Alors que plus d’un milliard de personnes vivent déjà dans des États en guerre, que 2 autres milliards vivent dans la pauvreté la plus absolue, que la masse des sans-emploi et sous-employés va grandissante, que les violences s’exacerbent contre les femmes et les minorités, que le réchauffement climatique atteint des niveaux mettant en danger la survie même des espèces, incluant la nôtre, nos gouvernants maintiennent le cap vers davantage de répression, davantage de dérégulation au profit des transnationales, davantage de destruction des écosystèmes, davantage d’attaques contre nos droits.

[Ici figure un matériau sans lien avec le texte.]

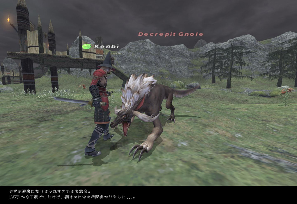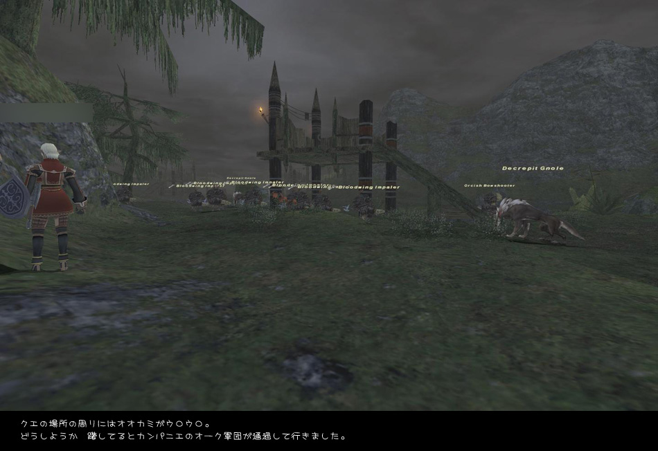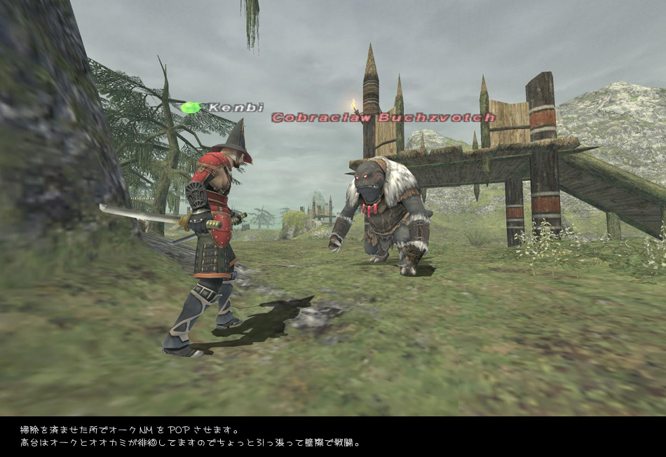 イベントを見て帰ろうかと思いましたら侍/踊さんが高台のオークに絡まれピンチ。

Dans les pays du Nord notamment, incluant au Canada, on assiste à une montée critique de la droite politique et morale, à une régression de la tolérance à l’autre, voire de la tolérance à la démocratie et aux valeurs démocratiques.

Dans ce contexte, Alternatives :

• Réaffirme son soutien et sa légitime participation active aux mouvements sociaux de solidarité au Québec, au Canada et à l’international visant à renforcer la construction de sociétés durables et respectueuses des droits civils, culturels, économiques, politiques, sociaux et environnementaux ;

• Assume sa responsabilité solidaire et son droit de concourir aux luttes du Nord face aux politiques régressives qui ont des impacts négatifs partout dans le monde ;

• Soutient les organisations et les citoyens d’ici et d’ailleurs dans leur actions pour la défense de ceux et celles dont les droits sont les plus bafoués ;

• Appuie les stratégies de construction d’alliances et de concertation des mouvements et des forces populaires, sociales, progressistes et altermondialistes par, notamment, la construction et le renforcement des forums sociaux.

Ensemble, notre but est de construire un monde qui puisse voir :

• Femmes, hommes et enfants, dignes et solidaires, se partageant équitablement le pouvoir ainsi que les ressources nécessaires pour vivre et s’épanouir ;

• Un respect par toutes et tous de la diversité des peuples, des nations et des individus, ainsi qu’un respect inconditionnel des droits civils, culturels, économiques, politiques, sociaux et environnementaux, avec une préoccupation pour la défense et la promotion des droits des immigrants et des réfugiés ;

• Un développement équitable, juste, et réellement démocratique tant au niveau local, national que mondial.